Another notable example of this would be Cyberbullying.  In this instance, the Cyberattacker can  literally be thousands of miles away from their victim, and build a strong, virtual relationship with their victim.  Then once they are most vulnerable, that is when the Cyberattacker will then strike. 

But also, Social Engineering does not have to directly impact on a victim.  Rather, it can also be used to help gather more detailed intelligence about a victim, or an even larger target. 

I came across an article earlier today, that describes how Generative AI can be used for this very purpose.  Here are some examples of it:

1)     Being able to attend a social gathering:

 

Generative AI was used for the following:

 

Ø  How to let themselves crash the event.

Ø  How to collect visual based  intelligence about the security guards.

Ø  The kinds of conversations to be having  while socializing with the other guests to extract intel.

 

2)     What to wear:

Generative AI was also used by the Cyberattacker to target a certain business by asking for the kinds of clothing that the employees typically wear.  By having this, the Cyberattacker would then be able to able to enter in without hardly ever getting noticed.

3)     Faked documents:

Most of us have heard about how a Cyberattacker can easily replicate driver’s licenses and  even credit cards.  This can even be taken to the extreme where Generative AI can be used  to create a fake employee ID badge and convince the security guard to let them in past the main point of entry.

4)     Finding assets:

Just as much as you can get detailed views about houses and buildings on Google,  the same can also be said of Generative AI.  But instead, it can be one layer deeper.  For instance, it was to be asked by the Cyberattacker where all the physical access security points lie at (such as CCTVs, turnstiles, etc.) it will also give that.  This will then allow them to covertly penetrate the business after work hours.

5)     Creating maps:

Most of us have used physical maps before, but guess what?  Generative AI can also be used by the Cyberattacker and be used to create a detailed map of a targeted building or office space, by providing the following information to the Cyberattacker:

Ø  Entry ways into the building

Ø  The parking garages

Ø  The freight elevators

Ø  Where both the digital and physical assets lie at

My Thoughts on This: 

It all sounds scary, right?  Well you better believe that it is.  When  it comes to the above examples, these all relate to how the Cyberattacker can find vulnerabilities that do not exist in the digital realm.  Rather, they are all physical based, and since the security policies of many organizations focus primarily on digital assets. 

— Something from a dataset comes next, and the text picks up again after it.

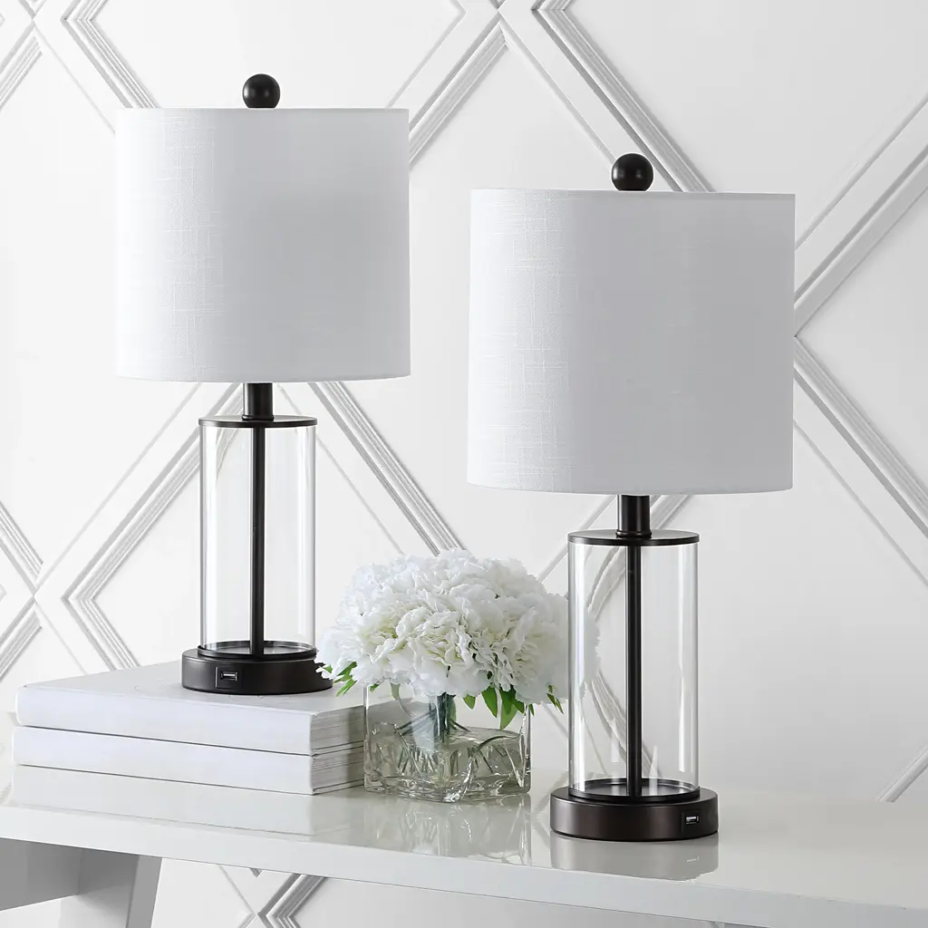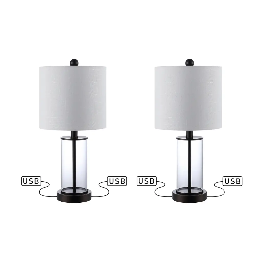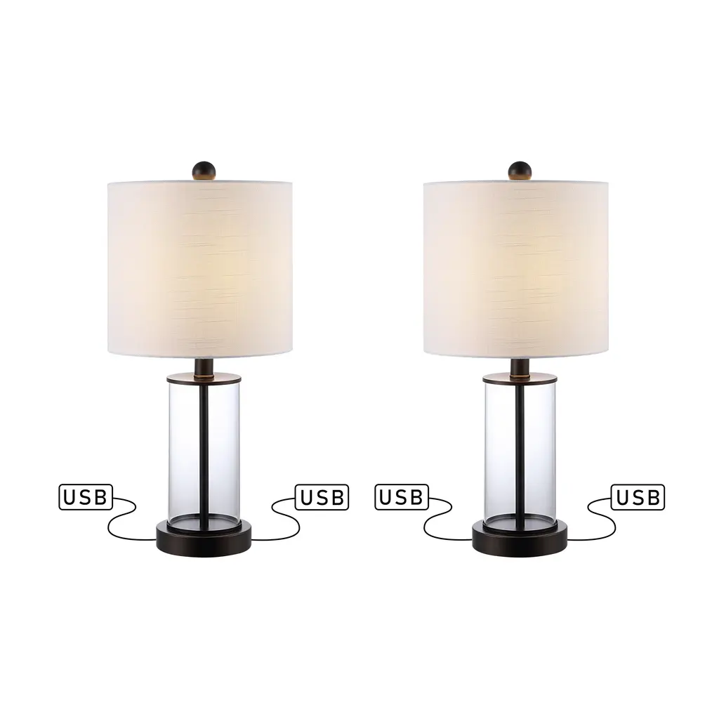 Cabell 21" Glass Modern Contemporary Usb Charging Led Table Lamp, Oil Rubbed Bronze (Set Of 2) By Jonathan Y - Oil Rubbed Bronze/clear

But guess what:  The physical assets are just as prone to, or even more so to a security breach.

What is the best way to mitigate this risk from happening?  Conduct a Penetration Test, just on the physical aspects of your business.  For example, this can include the main points of security, and to even the lengths that security guards should go through when trying to confirm the identity of an individual that is trying to gain entry.

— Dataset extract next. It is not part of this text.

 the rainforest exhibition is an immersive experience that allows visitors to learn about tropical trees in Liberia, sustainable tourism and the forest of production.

This is also known more technically as “Red Teaming”, and while doing these kinds of tests may not be the cheapest, and at the end of the day, you will know just how Social Engineering Attacks, especially those powered by Generative AI, can successfully launched against  your business.  If you engage in this kind of exercise, you will be completely startled by just how weak your lines of defenses are.

But this will give you the ammunition to beef them up, and to mitigate the risk of a Cyberattacker from physically walking into your business and engaging in conversations with your employees. 

The bottom line:  It is not just your digital assets that are vulnerable, even the physical ones are also!!!